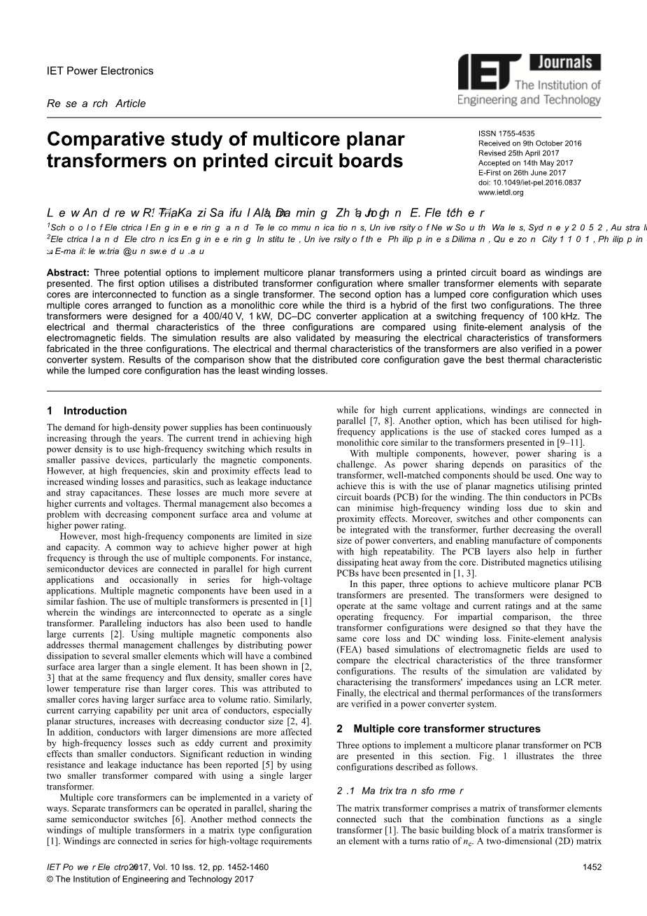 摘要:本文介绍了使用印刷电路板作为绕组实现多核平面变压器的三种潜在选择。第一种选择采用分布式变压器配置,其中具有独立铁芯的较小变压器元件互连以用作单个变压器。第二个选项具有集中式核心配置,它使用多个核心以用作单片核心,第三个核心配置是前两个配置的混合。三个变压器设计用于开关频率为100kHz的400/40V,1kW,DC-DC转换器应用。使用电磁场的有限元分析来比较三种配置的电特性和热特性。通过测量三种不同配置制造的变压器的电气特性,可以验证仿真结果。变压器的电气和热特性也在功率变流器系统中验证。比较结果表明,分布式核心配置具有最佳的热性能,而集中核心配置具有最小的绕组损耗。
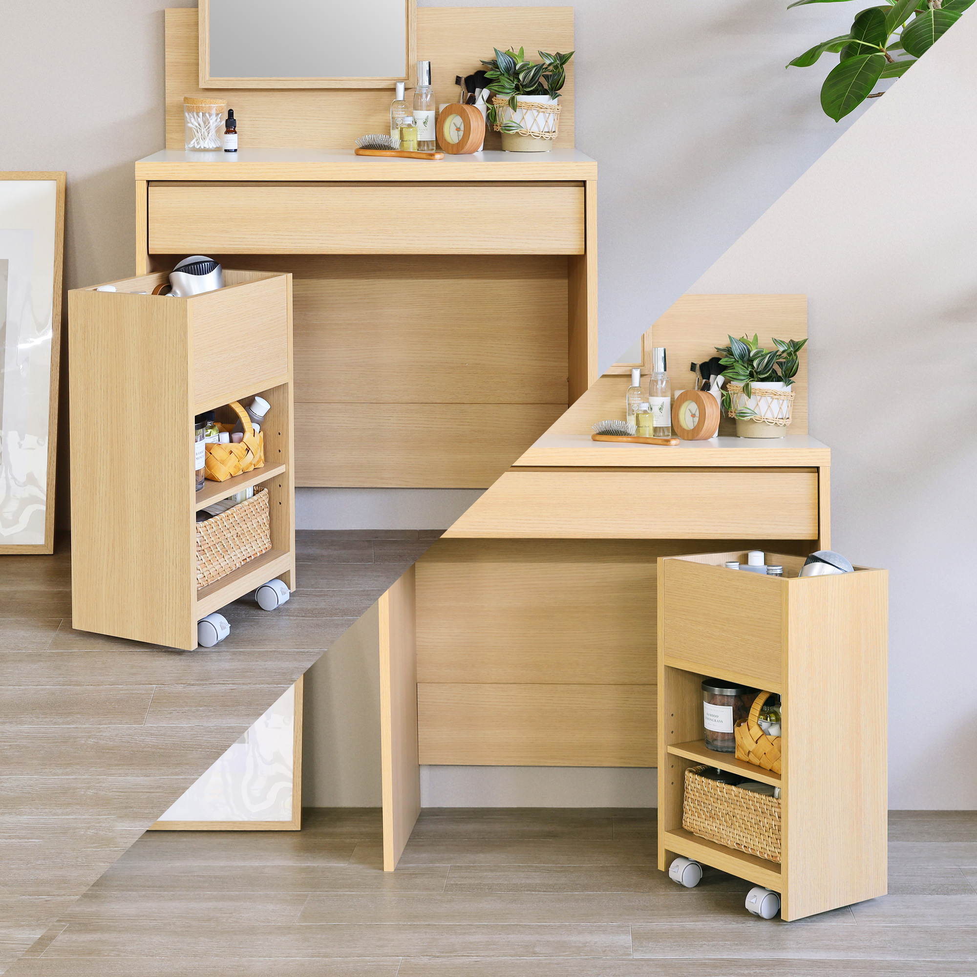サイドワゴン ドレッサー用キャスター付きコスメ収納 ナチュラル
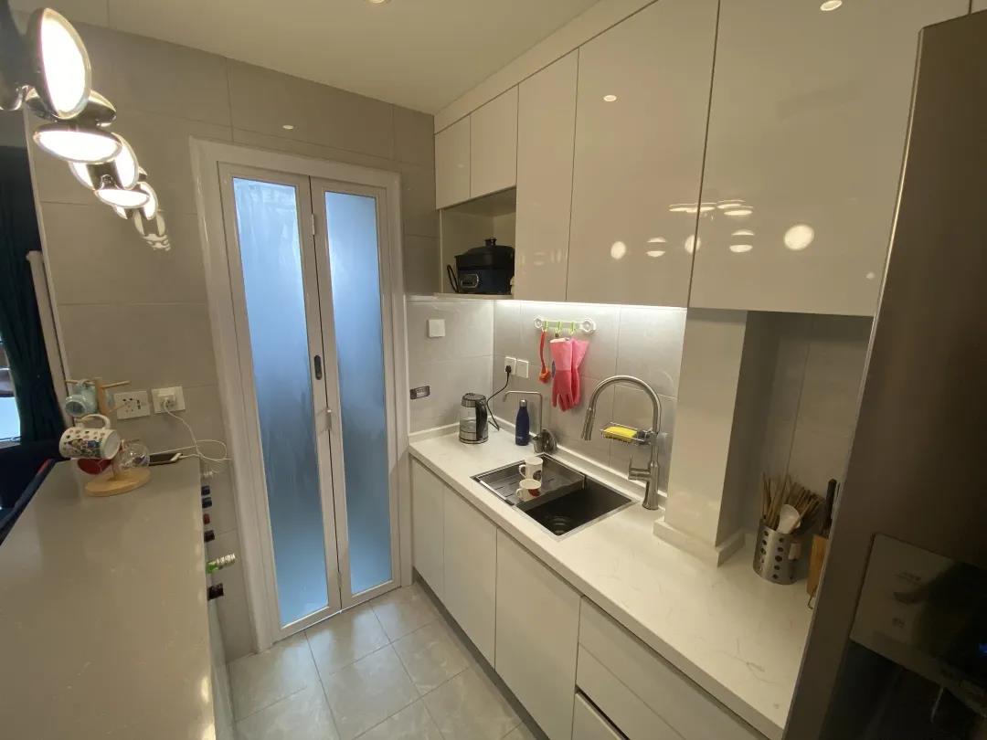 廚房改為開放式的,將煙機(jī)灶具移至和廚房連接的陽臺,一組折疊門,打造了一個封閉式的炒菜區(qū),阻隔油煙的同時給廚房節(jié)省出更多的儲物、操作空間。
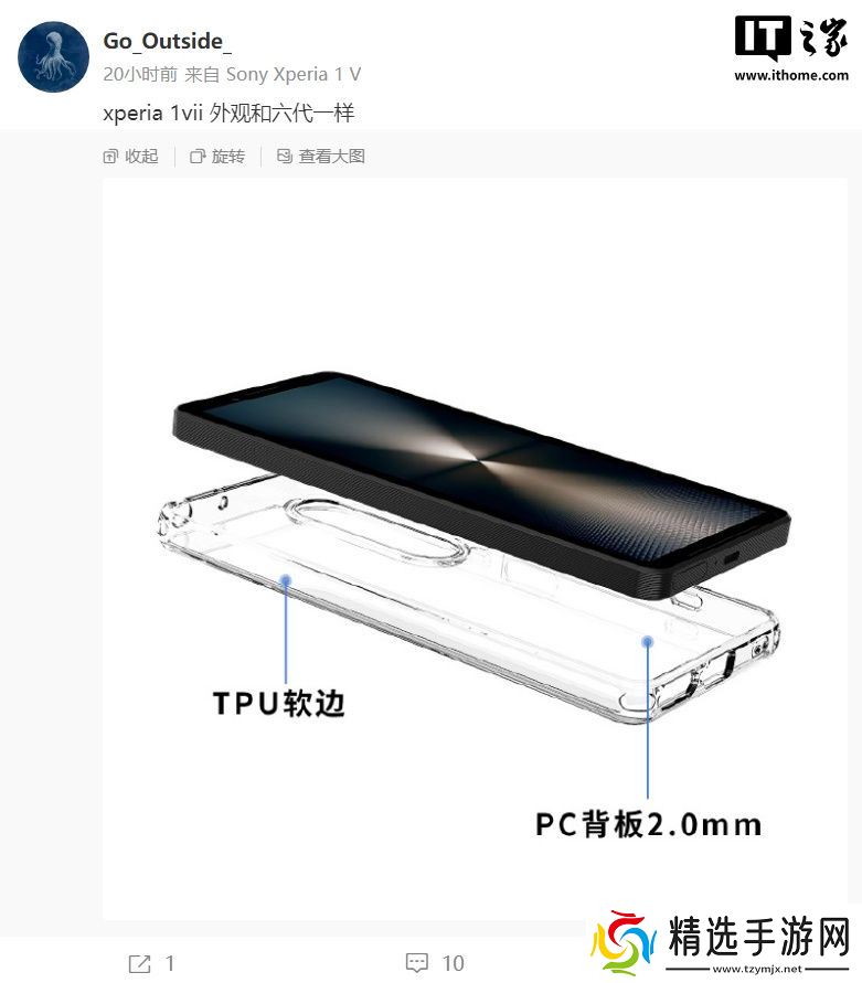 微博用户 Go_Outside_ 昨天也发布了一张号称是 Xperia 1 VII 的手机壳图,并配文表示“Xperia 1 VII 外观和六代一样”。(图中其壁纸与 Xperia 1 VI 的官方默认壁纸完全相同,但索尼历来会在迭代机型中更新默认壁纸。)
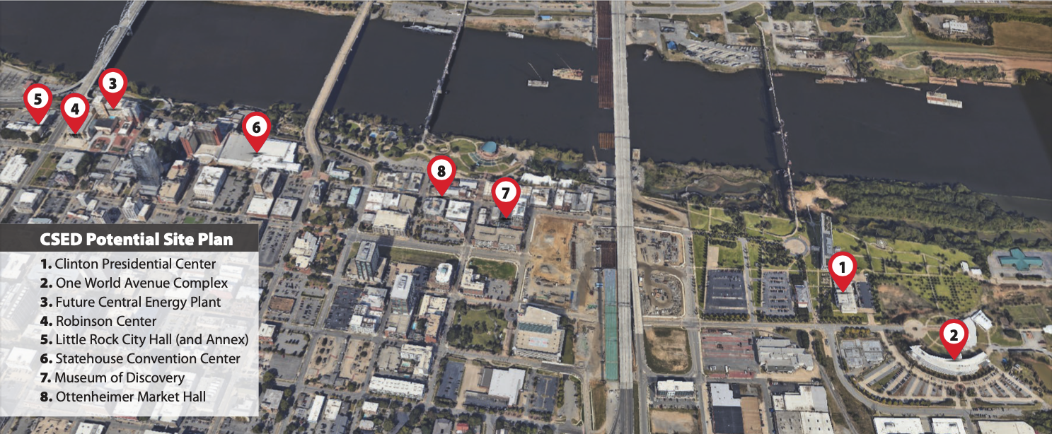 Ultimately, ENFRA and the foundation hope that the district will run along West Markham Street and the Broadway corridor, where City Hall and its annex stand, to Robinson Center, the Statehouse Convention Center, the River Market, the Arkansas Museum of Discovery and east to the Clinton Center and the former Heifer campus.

• • •

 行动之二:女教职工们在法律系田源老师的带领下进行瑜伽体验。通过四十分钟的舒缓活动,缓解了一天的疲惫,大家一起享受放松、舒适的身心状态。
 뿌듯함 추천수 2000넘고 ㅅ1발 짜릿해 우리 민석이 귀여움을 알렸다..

• • •

**ASSIGNMENT:** Using the records above, return verbatim only the part that opens with the line containing "微博用户 Go_Outside_ 昨天也发布了一张号称是" and closes with the line containing "Ultimately, ENFRA and"; pictures stay out.

**RESULT OF THIS TASK:**
 微博用户 Go_Outside_ 昨天也发布了一张号称是 Xperia 1 VII 的手机壳图,并配文表示“Xperia 1 VII 外观和六代一样”。(图中其壁纸与 Xperia 1 VI 的官方默认壁纸完全相同,但索尼历来会在迭代机型中更新默认壁纸。)
 Ultimately, ENFRA and the foundation hope that the district will run along West Markham Street and the Broadway corridor, where City Hall and its annex stand, to Robinson Center, the Statehouse Convention Center, the River Market, the Arkansas Museum of Discovery and east to the Clinton Center and the former Heifer campus.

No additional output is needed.